Machine learning models need to be trained on many scenarios to predict or generate a specific image from brain activity accurately. This involves collecting MRI or EEG data while participants are exposed to various stimuli.
The quality and specificity of the generated output are heavily reliant on the richness of this training data. Participants need to spend hours in MRI scanners to collect specifically relevant data.
Additionally, human brains are incredibly unique. What signifies happiness in one person’s brain might differ in another’s. This means models must be broadly general or individually tailored.
Then, brain activities change rapidly, even within fractions of a second. Capturing real-time, high-resolution data while ensuring it aligns perfectly with the external stimulus is a technical challenge.
And let’s not forget about the ethical challenges of reaching into someone’s brain.

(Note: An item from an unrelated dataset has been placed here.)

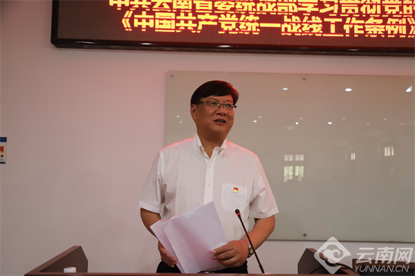 省委统战部二级巡视员吴昀三作开班动员讲话,他对本期研修班顺利开班表示祝贺,对厦门大学的精心安排表示感谢。他表示,2021年云南省委统战部把深入学习贯彻党的十九届五中全会精神和《条例》作为教育培训的首要政治任务,着力在促进学习教育“深化”上下功夫,在推动学习成果“转化”上求突破,在形成学习培训“常态化”上出实招,不断增强统战干部的政治判断力、政治领悟力、政治执行力。他希望,要始终保持学习提升的紧迫感,以“攻城不怕坚、攻书莫畏难”的毅力加强理论修养;要攥紧知行合一的金钥匙,紧密结合工作实际和个人思考推动学习收获转化运用;要严格遵守干部教育培训管理规定,展现新时代云南统一战线干部良好形象。

Collecting brain data, especially on a large scale, raises significant privacy and ethical questions. How do we ensure the data isn’t misused? Who has the right to access and interpret our innermost thoughts?
Provisionally, it seems like these challenges can be overcome. In the future, humans may be able to access portable, bespoke brain-computer interfaces that enable them to ‘plug in’ to a myriad of devices that facilitate complex actions through the power of thought.
How society would deal with such technology going mainstream, however, is very much up for debate.